# About this task
Your copy of the data should leave out the images and match everything else exactly.

# Dataset records
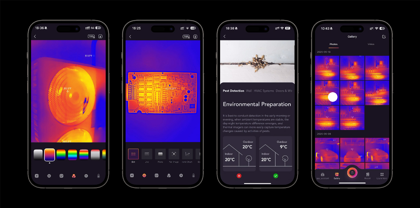 TC001 s IR rozlišením 256 × 192 px poskytuje detailní a přehledné termální snímky. Nabízí rotaci obrazu a pokročilé nástroje úpravy zobrazení pro pohodlnější práci a přesnější vyhodnocení teplotních rozdílů.
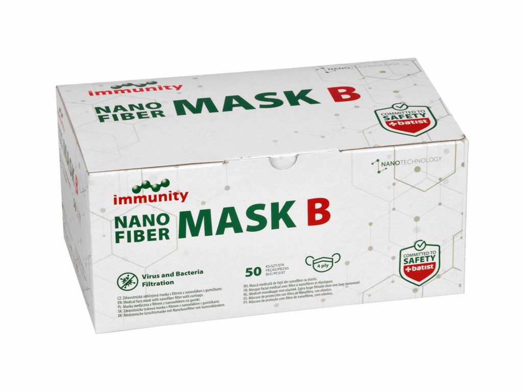 - Nanovlákenná vrstva – extrémně účinná bariéra proti virům a bakteriím.
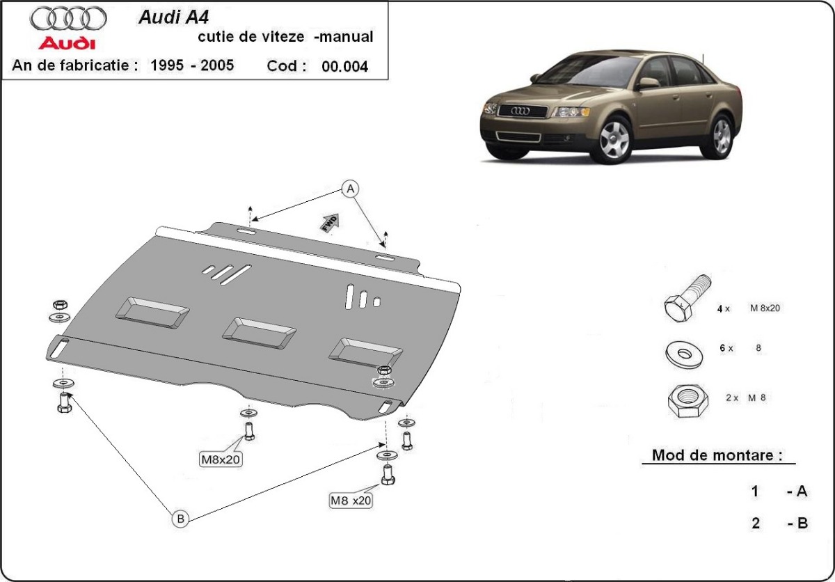 Material: high‑strength steel. Thickness: 2 mm. Approximate weight: about 4 kg. The gearbox guard mounts to the original underbody fixing points of the Audi A4 B5 and does not require drilling, cutting or any structural modification.
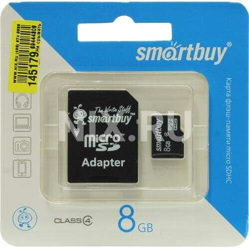 Карта памяти Smartbuy microSD, 8 Гб, SDHC, класс 4, с адаптером SD Smartbuy 1174965 .
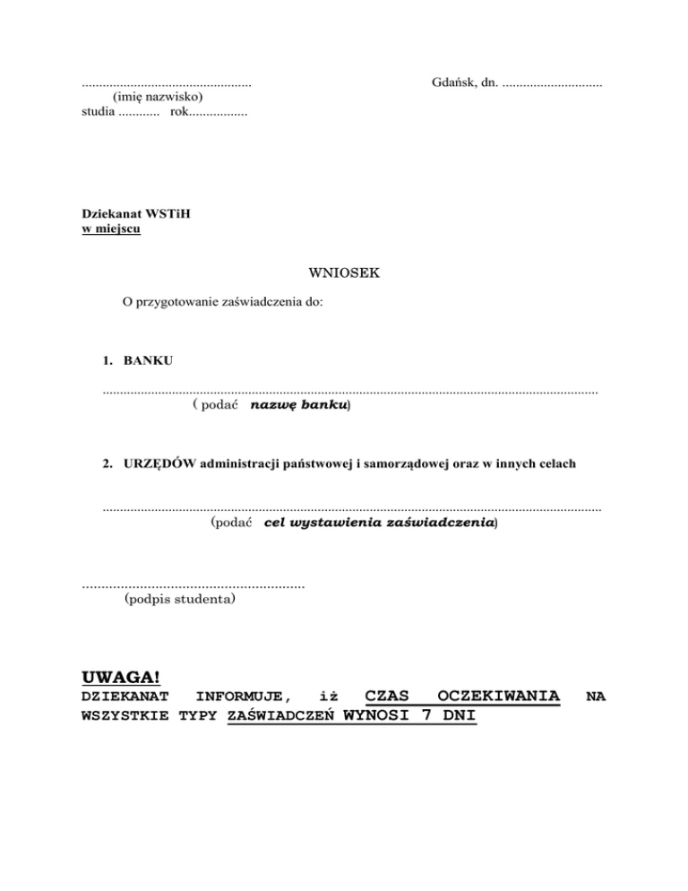 ................................................. (imię nazwisko) studia ............ rok................. Gdańsk, dn. ............................. Dziekanat WSTiH w miejscu WNIOSEK O przygotowanie zaświadczenia do: 1. BANKU ............................................................................................................................................... ( podać nazwę banku) 2. URZĘDÓW administracji państwowej i samorządowej oraz w innych celach ................................................................................................................................................ (podać cel wystawienia zaświadczenia) .......................................................... (podpis studenta) UWAGA! DZIEKANAT INFORMUJE, iż CZAS OCZEKIWANIA WSZYSTKIE TYPY ZAŚWIADCZEŃ WYNOSI 7 DNI NA
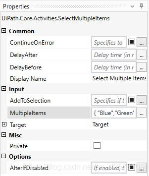 我们可以看到多个属性,但主要的重要属性是MultipleItems——它是一个字符串变量数组,它告诉我们要选择的多个项目是什么。
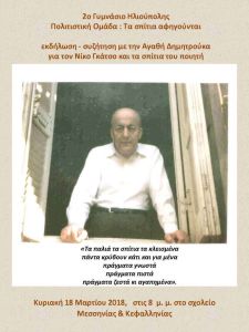 Η Πολιτιστική ομάδα του σχολείου μας σας προσκαλεί την Κυριακή στις 18 Μάρτη, στις 8 το βράδυ, στο σχολείο, Μεσσηνίας & Κεφαλληνίας, σε μια ξεχωριστή εκδήλωση.
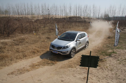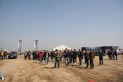?。ㄜ囉押嫌埃?br /> 報(bào)名參加這次越野活動(dòng)的河南交通廣播的愛心車友達(dá)到100多名?;顒?dòng)現(xiàn)場(chǎng),上百號(hào)人讓平時(shí)寂靜的黃河灘熱鬧起來,河邊的一塊空地上,一百多面旗子在迎風(fēng)飄揚(yáng)——“河南交通廣播”的LOGO下赫然印著“越野汽車公開體驗(yàn)營”九個(gè)大字,背景板不遠(yuǎn)處,就是體驗(yàn)駕馭越野車的賽場(chǎng)。駝峰、馬蹄坑、滾木路障、彈坑路、沙土路、連續(xù)轉(zhuǎn)彎……墨綠色背景的提示牌讓越野的氣息撲面而來。
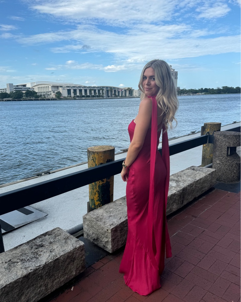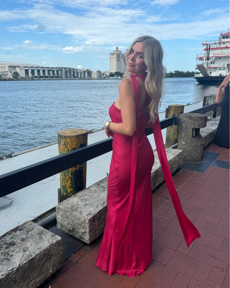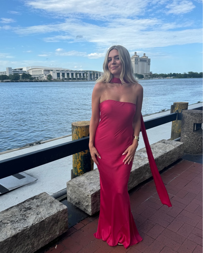Worn once! Strapless cherry pink silk dress with neck tie. Size M but fits like a S
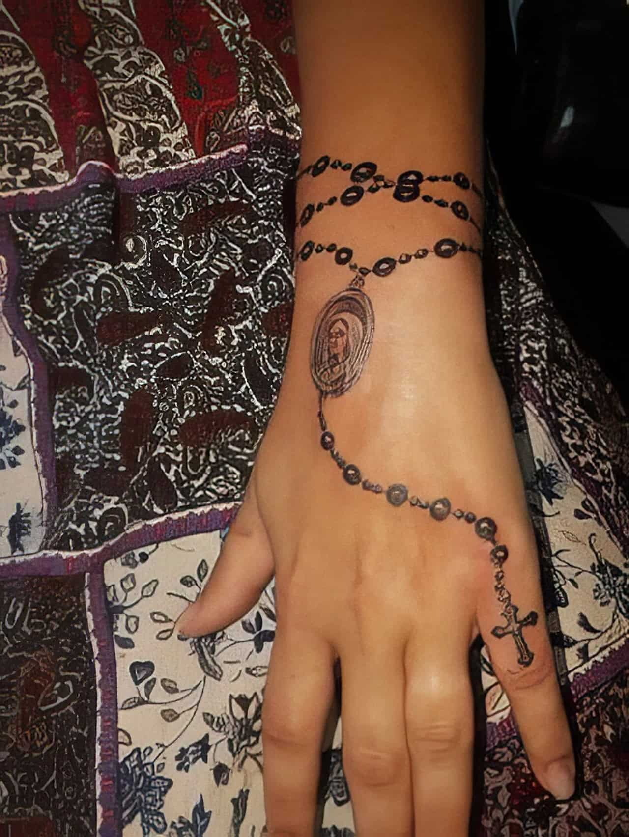 Many ladies opt for a rosary tattoo on their wrist too. It’s like having a mini prayer reminder right there on your skin!
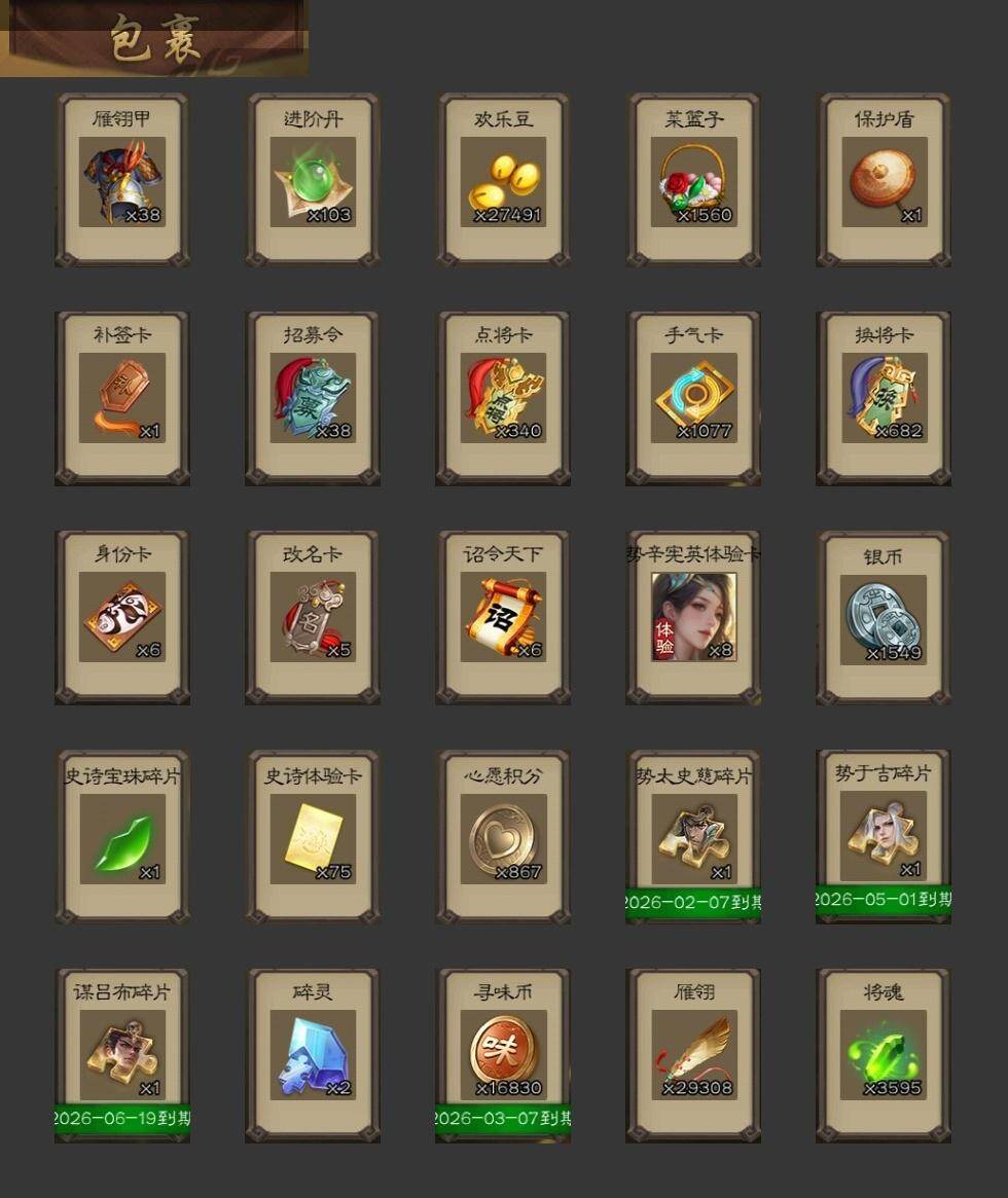 官阶:先锋将军;VIP等级:VIP1;史诗武将数量:2;动态皮肤数量:0;武将总数:67;史诗宝珠数量:0;将魂数量:3595;神将:1;魏国史诗武将:0;蜀国史诗武将:1;吴国史诗武将:0;群史诗武将:0
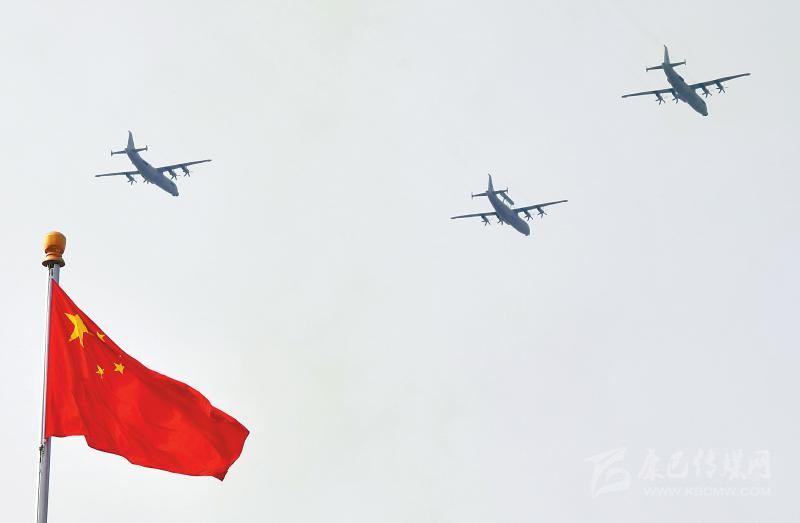 空警-500H預(yù)警機(jī)、空警-200H預(yù)警機(jī)、運(yùn)-8反潛巡邏機(jī)、運(yùn)-8技術(shù)偵察機(jī)組成的海上巡邏機(jī)梯隊,1日上午飛過天安門廣場上空,作為海軍新型信息作戰(zhàn)力量的4型特種機(jī)首次集體亮相。在海上巡邏機(jī)梯隊中,1架空警-500H預(yù)警機(jī)、2架運(yùn)-8反潛巡邏機(jī)組成的品字形編隊飛行在梯隊前方,緊隨其后的是1架空警-200H預(yù)警機(jī)和2架運(yùn)-8技術(shù)偵察機(jī)。
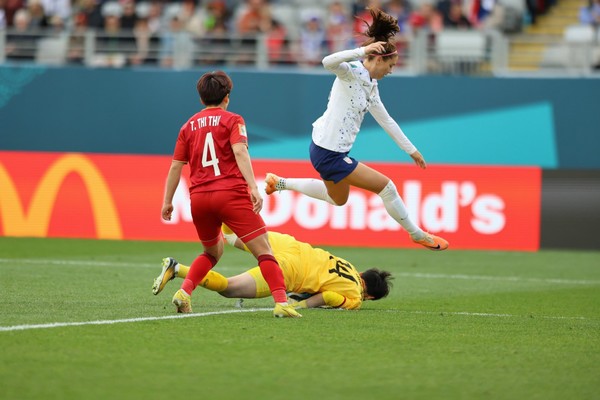 Ở phút bù giờ thứ 7 của hiệp 1, đội tuyển nữ Mỹ tiếp tục làm rung lưới đội tuyển nữ Việt Nam. Ban đầu trọng tài biên phất cờ báo Morgan đã việt vị, nhưng sau khi VAR vào cuộc, tiền đạo mang áo số 13 được xác định không tham gia vào pha bóng.
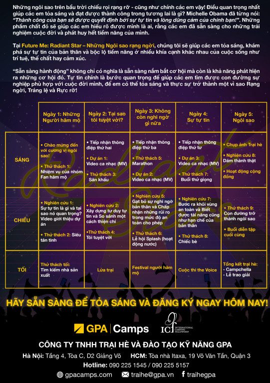 Tại Trại hè Future Me: Radiant Stars – Ngôi sao Rạng Ngời, trại sinh có thể khám phá sự tự tin của chính mình bằng cách bộc lộ Sức mạnh Nội tại trong nhiều khía cạnh khác nhau của cuộc sống cá nhân, dù là trí tuệ, thể chất hay cảm xúc, đồng thời học hỏi và thực hành 7 nền tảng của một thiếu niên tự tin:
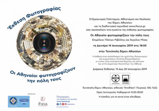 Ο διαγωνισμός Οι Αθηναίοι φωτογραφίζουν την πόλη τους διοργανώθηκε από τον Οργανισμό Πολιτισμού, Αθλητισμού και Νεολαίας του δήμου Αθηναίων και το διαδικτυακό περιοδικό www.ifocus.gr. Στην έκθεση παρουσιάζονται οι φωτογραφίες πενήντα διαγωνιζόμενων, οι οποίοι είναι αποκλειστικά δημότες και κάτοικοι των επτά Δημοτικών Κοινοτήτων της Αθήνας και φωτογράφισαν μόνο την περιοχή της Κοινότητας στην οποία ανήκουν.
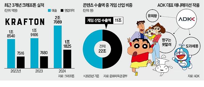 24일 크래프톤은 일본 종합 광고회사 ADK그룹을 소유한 BCJ-31(ADK홀딩스의 모회사)을 750억엔(약 7103억원)가량에 인수했다고 공시했다. ADK는 일본 3대 광고회사 중 한 곳이다. ‘짱구는 못말려’ ‘도라에몽’ ‘유희왕’ 등 300편 넘는 인기 애니메이션 제작에 참여해온 ADK의 연간 거래액은 3480억엔(약 3조2667억원)에 달한다.
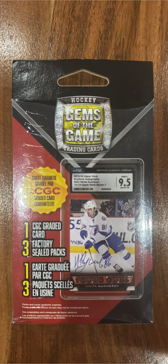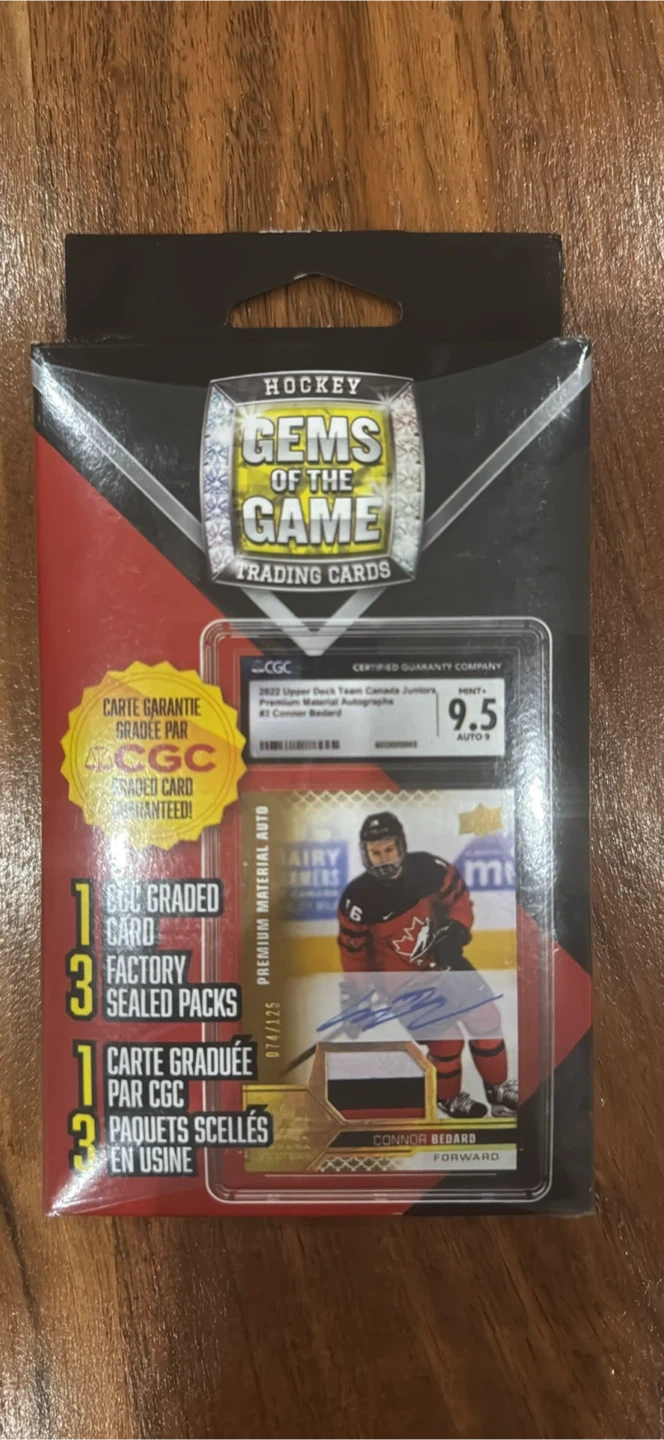 This set includes 1 CGC graded card and 3 factory sealed packs. It features premium material auto cards.
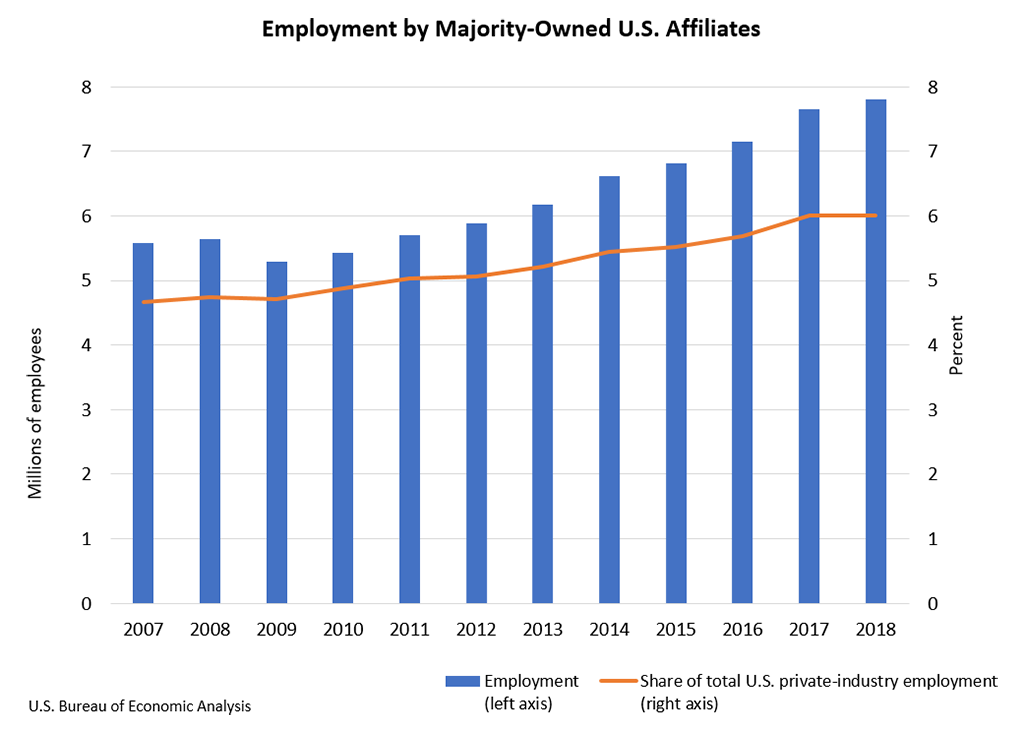 Majority-owned U.S. affiliates (MOUSAs) of foreign multinational enterprises (MNEs) employed 7.8 million workers in the United States in 2018, a 1.9 percent increase from 7.7 million in 2017, according to statistics on MOUSA operations and finances released by the Bureau of Economic Analysis.

# Your response
 TC001 s IR rozlišením 256 × 192 px poskytuje detailní a přehledné termální snímky. Nabízí rotaci obrazu a pokročilé nástroje úpravy zobrazení pro pohodlnější práci a přesnější vyhodnocení teplotních rozdílů.
 - Nanovlákenná vrstva – extrémně účinná bariéra proti virům a bakteriím.
 Material: high‑strength steel. Thickness: 2 mm. Approximate weight: about 4 kg. The gearbox guard mounts to the original underbody fixing points of the Audi A4 B5 and does not require drilling, cutting or any structural modification.
 Карта памяти Smartbuy microSD, 8 Гб, SDHC, класс 4, с адаптером SD Smartbuy 1174965 .
 ................................................. (imię nazwisko) studia ............ rok................. Gdańsk, dn. ............................. Dziekanat WSTiH w miejscu WNIOSEK O przygotowanie zaświadczenia do: 1. BANKU ............................................................................................................................................... ( podać nazwę banku) 2. URZĘDÓW administracji państwowej i samorządowej oraz w innych celach ................................................................................................................................................ (podać cel wystawienia zaświadczenia) .......................................................... (podpis studenta) UWAGA! DZIEKANAT INFORMUJE, iż CZAS OCZEKIWANIA WSZYSTKIE TYPY ZAŚWIADCZEŃ WYNOSI 7 DNI NA
 我们可以看到多个属性,但主要的重要属性是MultipleItems——它是一个字符串变量数组,它告诉我们要选择的多个项目是什么。
 Η Πολιτιστική ομάδα του σχολείου μας σας προσκαλεί την Κυριακή στις 18 Μάρτη, στις 8 το βράδυ, στο σχολείο, Μεσσηνίας & Κεφαλληνίας, σε μια ξεχωριστή εκδήλωση.
?。ㄜ囉押嫌埃?br /> 報(bào)名參加這次越野活動(dòng)的河南交通廣播的愛心車友達(dá)到100多名?;顒?dòng)現(xiàn)場(chǎng),上百號(hào)人讓平時(shí)寂靜的黃河灘熱鬧起來,河邊的一塊空地上,一百多面旗子在迎風(fēng)飄揚(yáng)——“河南交通廣播”的LOGO下赫然印著“越野汽車公開體驗(yàn)營”九個(gè)大字,背景板不遠(yuǎn)處,就是體驗(yàn)駕馭越野車的賽場(chǎng)。駝峰、馬蹄坑、滾木路障、彈坑路、沙土路、連續(xù)轉(zhuǎn)彎……墨綠色背景的提示牌讓越野的氣息撲面而來。
Worn once! Strapless cherry pink silk dress with neck tie. Size M but fits like a S
 Many ladies opt for a rosary tattoo on their wrist too. It’s like having a mini prayer reminder right there on your skin!
 官阶:先锋将军;VIP等级:VIP1;史诗武将数量:2;动态皮肤数量:0;武将总数:67;史诗宝珠数量:0;将魂数量:3595;神将:1;魏国史诗武将:0;蜀国史诗武将:1;吴国史诗武将:0;群史诗武将:0
 空警-500H預(yù)警機(jī)、空警-200H預(yù)警機(jī)、運(yùn)-8反潛巡邏機(jī)、運(yùn)-8技術(shù)偵察機(jī)組成的海上巡邏機(jī)梯隊,1日上午飛過天安門廣場上空,作為海軍新型信息作戰(zhàn)力量的4型特種機(jī)首次集體亮相。在海上巡邏機(jī)梯隊中,1架空警-500H預(yù)警機(jī)、2架運(yùn)-8反潛巡邏機(jī)組成的品字形編隊飛行在梯隊前方,緊隨其后的是1架空警-200H預(yù)警機(jī)和2架運(yùn)-8技術(shù)偵察機(jī)。
 Ở phút bù giờ thứ 7 của hiệp 1, đội tuyển nữ Mỹ tiếp tục làm rung lưới đội tuyển nữ Việt Nam. Ban đầu trọng tài biên phất cờ báo Morgan đã việt vị, nhưng sau khi VAR vào cuộc, tiền đạo mang áo số 13 được xác định không tham gia vào pha bóng.
 Tại Trại hè Future Me: Radiant Stars – Ngôi sao Rạng Ngời, trại sinh có thể khám phá sự tự tin của chính mình bằng cách bộc lộ Sức mạnh Nội tại trong nhiều khía cạnh khác nhau của cuộc sống cá nhân, dù là trí tuệ, thể chất hay cảm xúc, đồng thời học hỏi và thực hành 7 nền tảng của một thiếu niên tự tin:
 Ο διαγωνισμός Οι Αθηναίοι φωτογραφίζουν την πόλη τους διοργανώθηκε από τον Οργανισμό Πολιτισμού, Αθλητισμού και Νεολαίας του δήμου Αθηναίων και το διαδικτυακό περιοδικό www.ifocus.gr. Στην έκθεση παρουσιάζονται οι φωτογραφίες πενήντα διαγωνιζόμενων, οι οποίοι είναι αποκλειστικά δημότες και κάτοικοι των επτά Δημοτικών Κοινοτήτων της Αθήνας και φωτογράφισαν μόνο την περιοχή της Κοινότητας στην οποία ανήκουν.
 24일 크래프톤은 일본 종합 광고회사 ADK그룹을 소유한 BCJ-31(ADK홀딩스의 모회사)을 750억엔(약 7103억원)가량에 인수했다고 공시했다. ADK는 일본 3대 광고회사 중 한 곳이다. ‘짱구는 못말려’ ‘도라에몽’ ‘유희왕’ 등 300편 넘는 인기 애니메이션 제작에 참여해온 ADK의 연간 거래액은 3480억엔(약 3조2667억원)에 달한다.
 This set includes 1 CGC graded card and 3 factory sealed packs. It features premium material auto cards.
 Majority-owned U.S. affiliates (MOUSAs) of foreign multinational enterprises (MNEs) employed 7.8 million workers in the United States in 2018, a 1.9 percent increase from 7.7 million in 2017, according to statistics on MOUSA operations and finances released by the Bureau of Economic Analysis.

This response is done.